**INPUT DATA:**
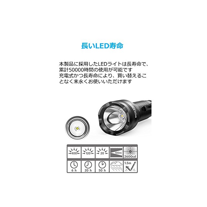 장수명:충전식의 고품질 배터리 내장(3350mAh)에 의하고, 중 빔 모드이면 약20시간 연속 사용 를 할 수 있습니다.또한LED라이트는 약50000시간의 길이 수명입니다.5V 1A출력 AC어댑터와 Micro USB케이블(동봉)를 이용하여배터리 자체를 약6시간으로 풀 충전으로 옵니다.※AC어댑터는 부속하고 있지 않습니다.
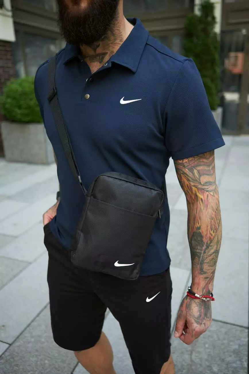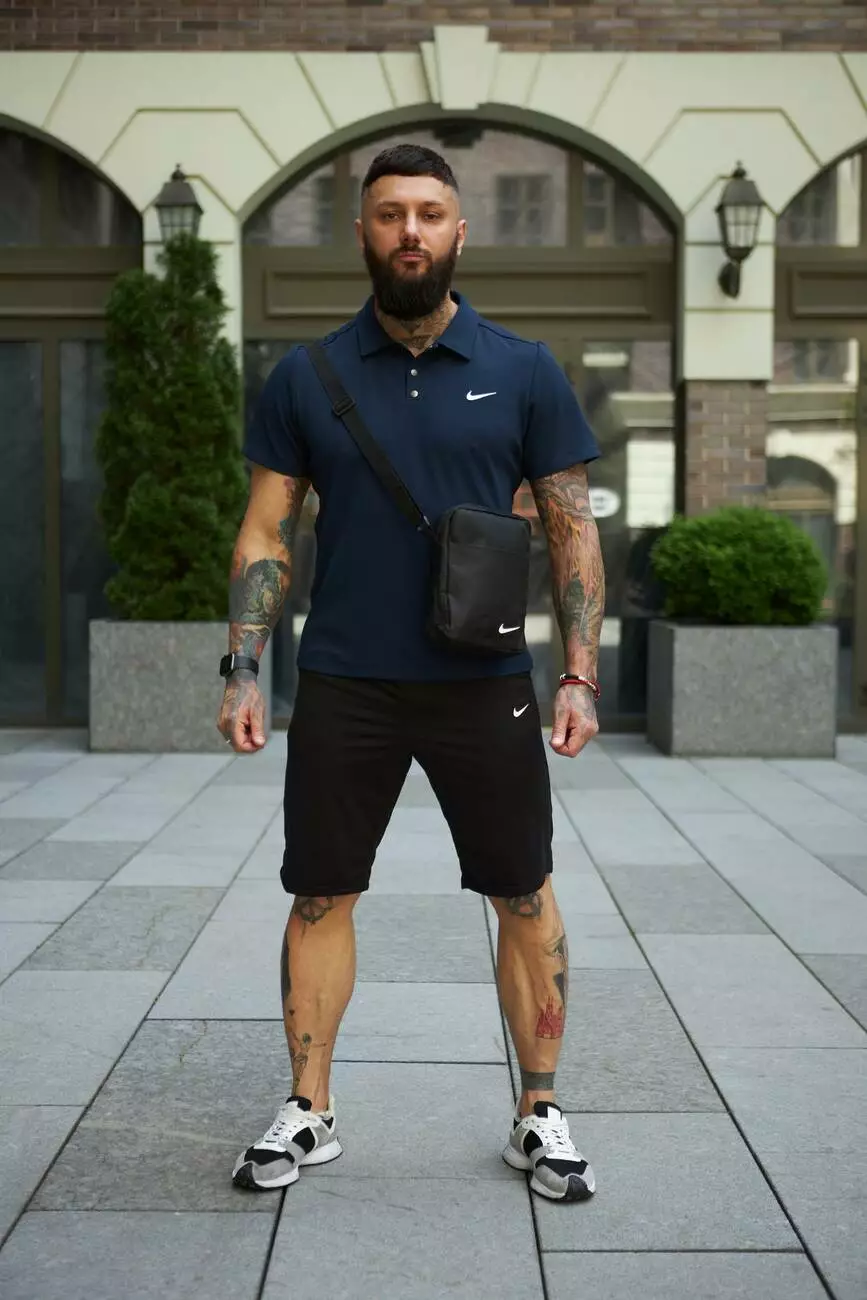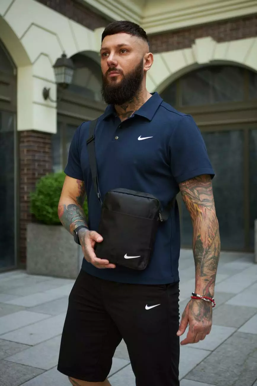 Комплект чоловічий Nike: поло синє + шорти чорні + барсетка чорна
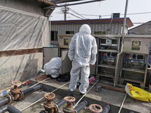 事实上,穿戴整套防护服后,不只是行动不便,更是又“热”又“重”。因为行动不便,原本5分钟能走到流量计的路程,现在得花上10分钟。由于防护服内潮湿闷热,护目镜很快就被水珠模糊视线,抄表员需要相互帮忙,小心擦拭清理护目镜,看清流量数字,确保数据无误。
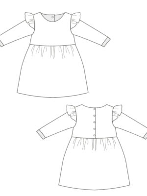 MIMI Girls’ Dress Sewing Pattern PDF – Woven Dress with Sleeveless & Long Sleeve Options – Button Front – Sizes 6m–7y – Easy to Sew
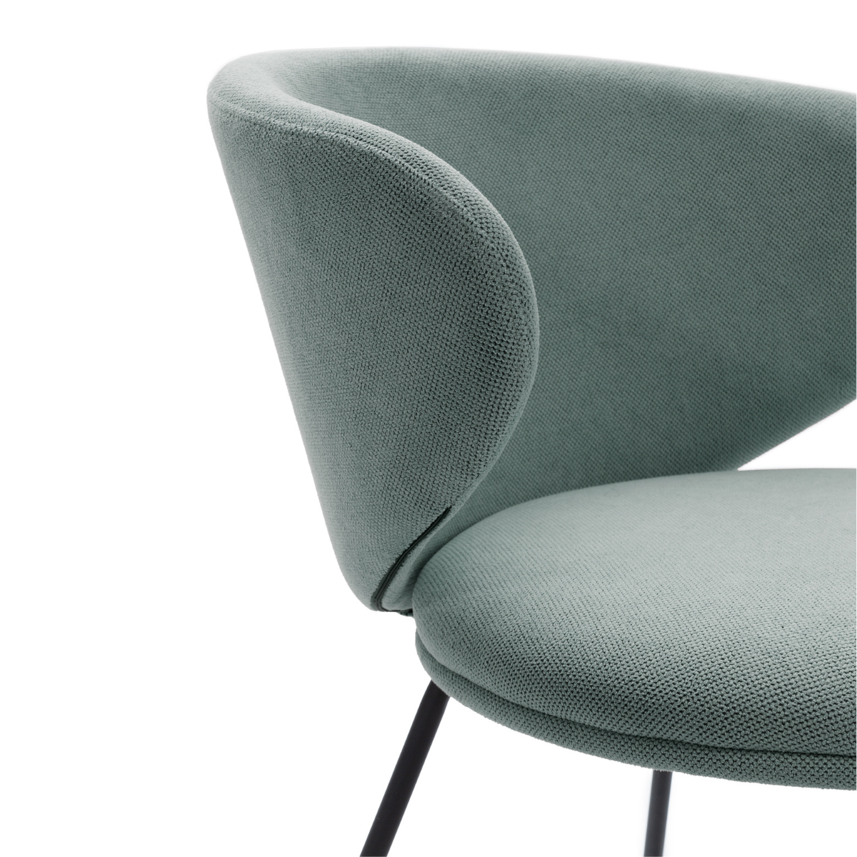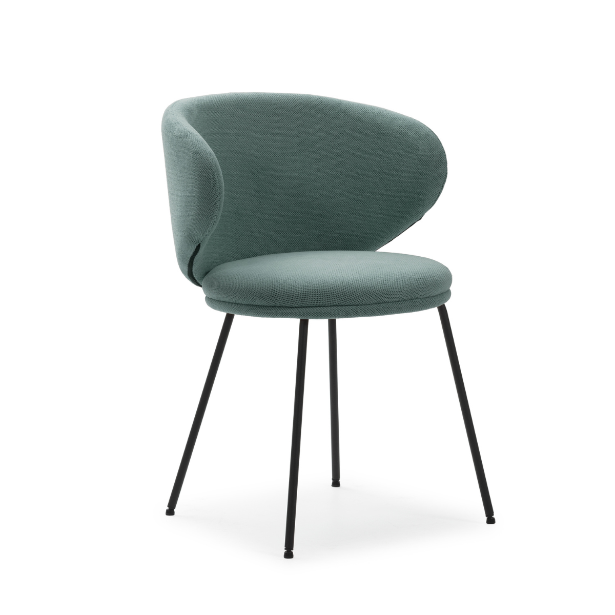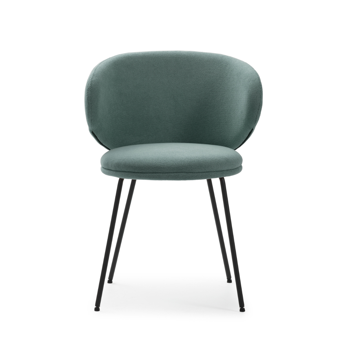 - Zit- en rugleuning: Stof, poten van zwart gelakt metaal.
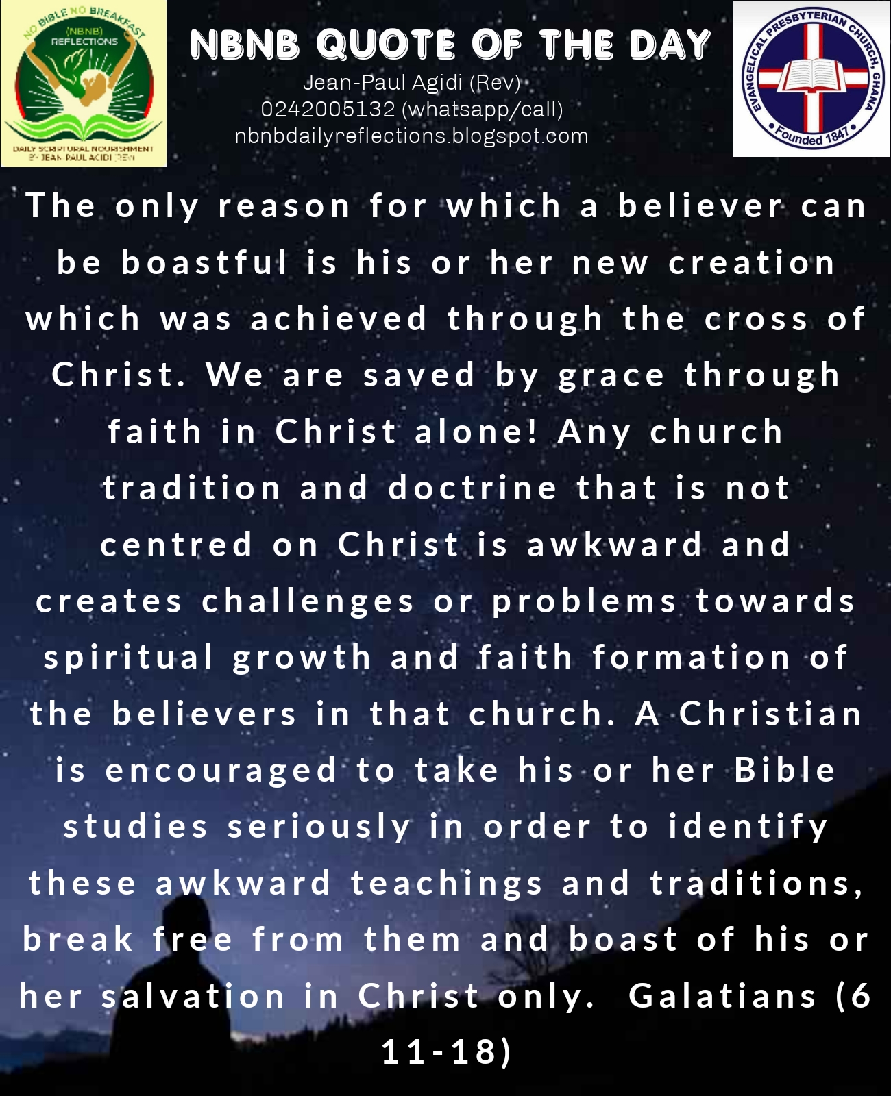 Christians must reject any teaching that will make our faith awkward or challenging to anyone who wants to come to Jesus and be saved. Jesus is the only foundation for our salvation and nothing else. It is for this reason Paul admonished the Galatian churches that “But far be it from me to boast except in the cross of our Lord Jesus Christ, by which the world has been crucified to me, and I to the world. For neither circumcision counts for anything, nor uncircumcision, but a new creation. And as for all who walk by this rule, peace and mercy be upon them, and upon the Israel of God. (Galatians 6:14-16). In other words, we rejoice and are proud that through the sacrifice of Christ we are no longer under the law but we are new creations through faith in Christ. Christian churches should guard against doctrines and teachings that remove Jesus from the centre of our faith and place much attention on human efforts and achievements. The only reason for which a believer can be boastful is his or her new creation which was achieved through the cross of Christ. We are saved by grace through faith in Christ alone! Any church tradition and doctrine that is not centred on Christ is awkward and creates challenges or problems towards the spiritual growth and faith formation of the believers in that church. A Christian is encouraged to take his or her Bible studies seriously in order to identify these awkward teachings and traditions, break free from them and boast of his or her salvation in Christ only. Shalom.

**ABOUT THIS TASK:**
Because only one stretch of the records is wanted, please output the lines from the one holding "MIMI Girls’ Dress" through the one holding "- Zit- en rugleuning: Stof, poten" exactly, both included, and leave every picture out.

**RESPONSE TO THIS TASK:**
 MIMI Girls’ Dress Sewing Pattern PDF – Woven Dress with Sleeveless & Long Sleeve Options – Button Front – Sizes 6m–7y – Easy to Sew
 - Zit- en rugleuning: Stof, poten van zwart gelakt metaal.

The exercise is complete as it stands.